Personal details
- Born: c. 600 Licheng
- Died: 622 Southern Hebei
- Occupation: General
- Title: Duke of Tan

= Luo Shixin =

Seventh century Chinese general

Luo Shixin (c. 600–622) was a general during the transitional period between the Sui and Tang dynasties of China.

==History==
Luo Shixin was originally a young soldier under Zhang Xutuo, one of top generals of the Sui dynasty during Emperor Yang's reign. In 613, when he was only 14 years old, Luo Shixin fought in various battles against peasant uprisings in the Shandong region. His bravery left a deep impression on Zhang Xutuo. Afterwards, Luo Shixin continued serving in Zhang Xutuo's army. He gradually became famous within Sui armies in which he served as well as within many rebellious forces. Because he was strong and brave in the battle, it was commonly believed that his enemies would be scared after hearing his name. Even Emperor Yang knew him by name and commended him, which was rare for a soldier of his rank.

In 614, Luo Shixin and Qin Shubao played key roles in defeating the peasant army led by Lu Mingyue. In 616, Zhang Xutuo was killed in battle. Luo Shixin thus became a soldier under Pei Renji, another Sui general. Pei Renji relied heavily on Luo Shixin in battle and treated him very well. However, in 617, Pei Renji was defeated by Wagang Army and surrendered, while Luo Shixin also joined the Wagang Army while being promoted to be a commander.

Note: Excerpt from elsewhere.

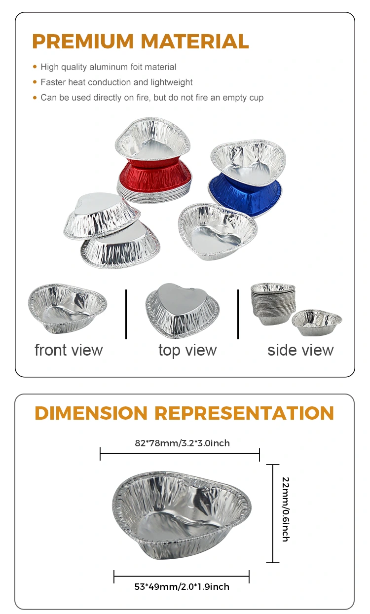 Yunchu Aluminum Foil Supplier’s heart-shaped air fryer silver aluminum foil container is not only a cooking tool, but also a carrier of a sense of ritual in life. Breaking the monotonous design of traditional containers, the smart heart-shaped outline brings a romantic atmosphere. Whether it is an exquisite decoration for daily meals or a creative presentation for holiday dinners, it can make food and beauty go in both directions, injecting tenderness into every meal. Material is the core of peace of mind. We carefully select food-grade raw aluminum foil to make it, which has no odor and no harmful residue. It has passed multiple safety tests, making direct contact with food more secure. The aluminum foil material has excellent thermal conductivity, allowing the heat of the air fryer to penetrate evenly into every part of the food, locking in freshness and juice during grilling and baking, and retaining the original flavor of the food. It is not easy to deform or break, has both flexibility and solidity, and is suitable for the high-temperature working environment of the air fryer. Easily cope with diverse cooking needs. The product can withstand a wide temperature range of -20°C to 220°C. It can be put into the air fryer to make egg tarts and other delicacies, and can also be used for oven baking, refrigerator refrigeration and steamer heating. One device can be used with multiple functions to unlock multiple cooking scenarios. It does not release harmful substances at high temperatures, and can block the odor of food when refrigerated, taking into account both practicality and safety. The surface of the silver aluminum foil has been specially treated and is full of luster. It not only improves the texture of the product, but also reflects heat, allowing the ingredients to be heated evenly while reducing nutrient loss. The baked food is crispy on the outside and tender on the inside, with an attractive color. The heart-shaped design is not only beautiful, but also fits the inner space of the air fryer. It is stable and does not shake, and is easy to grab. There is no need for tedious cleaning after use, just throw it away, saving you the trouble of cleaning and reducing the burden of fast-paced life.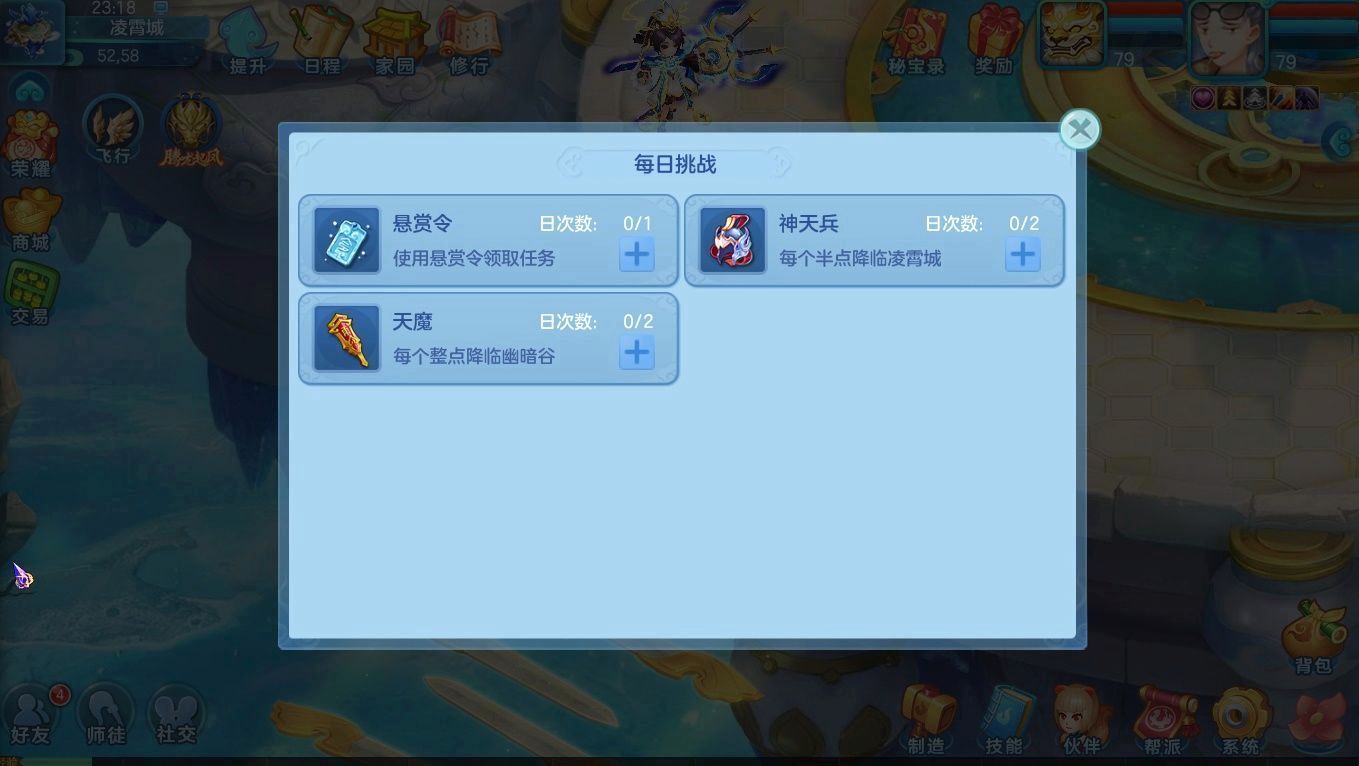 组队任务:天界的神天兵半点降临凌霄城,奖励和难度随着星极增加。你可以组建一个5人队伍前往挑战,成功击败神天兵后可以获得道具奖励,每日可以获得2次奖励。

Not long afterwards, Luo Shixin was captured by Wang Shichong, another rebellion warlord based in Luoyang, during a battle. Wang Shichong knew that Luo Shixin had great talent, so he treated Luo Shixin well and tried to let him surrender. However, Luo Shixin disliked Wang Shichong and thought that Wang Shichong would eventually be defeated. He was especially disappointed after Wang Shichong executed Pei Renji and Pei Xingyan. After some struggles and conflicts with Wang Shichong's nephew, Luo Shixin escaped from Luoyang and submitted to the emerging Tang dynasty instead. Emperor Gaozu was delighted to get Luo Shixin, and immediately promoted Luo Shixin to be a high-ranked general. From 620 to 621, Luo Shixin took part in the campaign against Wang Shichong and Dou Jiande. He played a key role in Battle of Hulao in which Tang forces completely destroyed the allied force between Wang and Dou. In order to reward his contributions, Emperor Gaozu gave Luo Shixin the title Duke of Tan.

In 622, Luo Shixin took part in the campaign against Liu Heita. At that time, another general of Tang named Wang Junkuo was guarding a small city by the Ming River (near today's Shahe). Wang Junkuo was struggling under Liu Heita's attacks, and the reinforcement army led by Li Shimin failed to approach the city after three tries. Luo Shixin thus led his division charging toward the city. He communicated with Wang Junkuo with flag signals, and successfully joined force with Wang Junkuo after opening up a pathway in Liu Heita's formations. Later, Wang Junkuo broke out of the encirclement, but Luo Shixin and his 200 men were trapped by Liu Heita's army. Luo Shixin was eventually captured by Liu's army. Liu Heita wanted Luo Shixin to surrender but Luo Shixin refused, so Liu Heita executed Luo Shixin. Li Shimin was sad to hear about the death of Luo Shixin, bought his body back from Liu Heita and buried him ceremoniously near the tomb of his former superior Pei Renji.

==In popular culture==

Luo Shixin's stories triggered the creation of the semi-fictional figure Luo Cheng in many folk tales. In those tales, he was said to be a son of Luo Yi and cousin of Qin Shubao, and was one of the greatest warriors at that time. In some other versions, Luo Shixin was described as a naïve and clumsy soldier but has a strength that could rival the best warrior at his time.